Immunoblot Analysis of PKC Isoform Translocation
Membrane and cytosolic fractions of detergent-extracted PKC were prepared according to methods previously described.18 19 Briefly, each whole guinea pig heart was pulverized, and the powdered tissue from each heart was homogenized in 7 mL ice-cold lysis buffer composed of (mmol/L) Tris-HCl 25, EGTA 5, EDTA 2, and NaF 100 (pH 7.4) containing (μmol/L) leupeptin 20, E64 10, pepstatin 120, and phenylmethylsulfonyl fluoride 200, plus 5 mmol/L dithiothreitol. An 800g crude particulate fraction was discarded, and the supernatant was centrifuged at 100 000g for 60 minutes. The pellet constituted the membrane-particulate fraction, and the particulate-free supernatant constituted the cytosolic fraction. Particulate fractions were resuspended in homogenizing buffer containing 0.5% Triton X-100 and centrifuged at 100 000g for 60 minutes, and the resulting detergent-treated supernatant was the membrane fraction. Protein content was estimated by a modification of the method of Lowry (see Kiss et al15 ).

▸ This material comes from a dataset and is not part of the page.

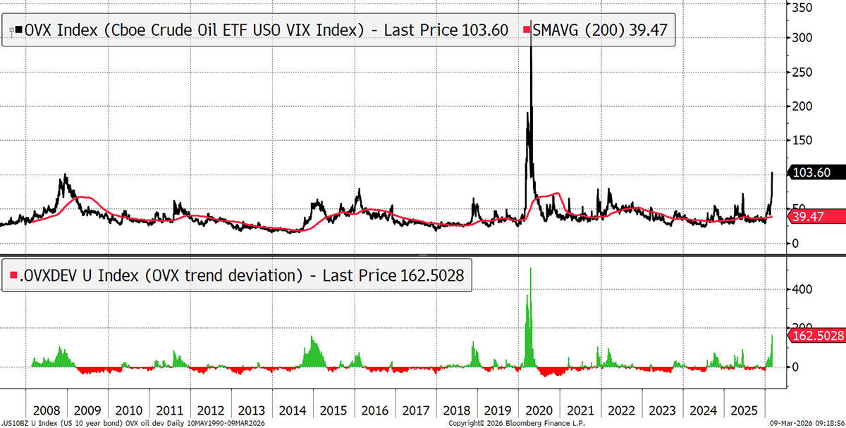 Oil options highlight the extent of the uncertainty. OVX is already higher than in 2008, but below the Covid shock, when prices collapsed.

Cytosolic and membrane proteins were analyzed for PKC isoform content by one-dimensional electrophoresis on 10% SDS-polyacrylamide gels by a modification of the method of Laemmli (see Kiss et al15 ). Gels were electrophoretically transferred to Immunlite blotting membranes, blocked with 5% nonfat milk in Tris-buffered saline at room temperature, and incubated overnight with primary antibodies against specific PKC isoforms. Bound antibody was detected by enhanced chemiluminescence. Quantification of PKCα, PKCε, and PKCζ translocation was performed by laser densitometric analysis of autoradiographs.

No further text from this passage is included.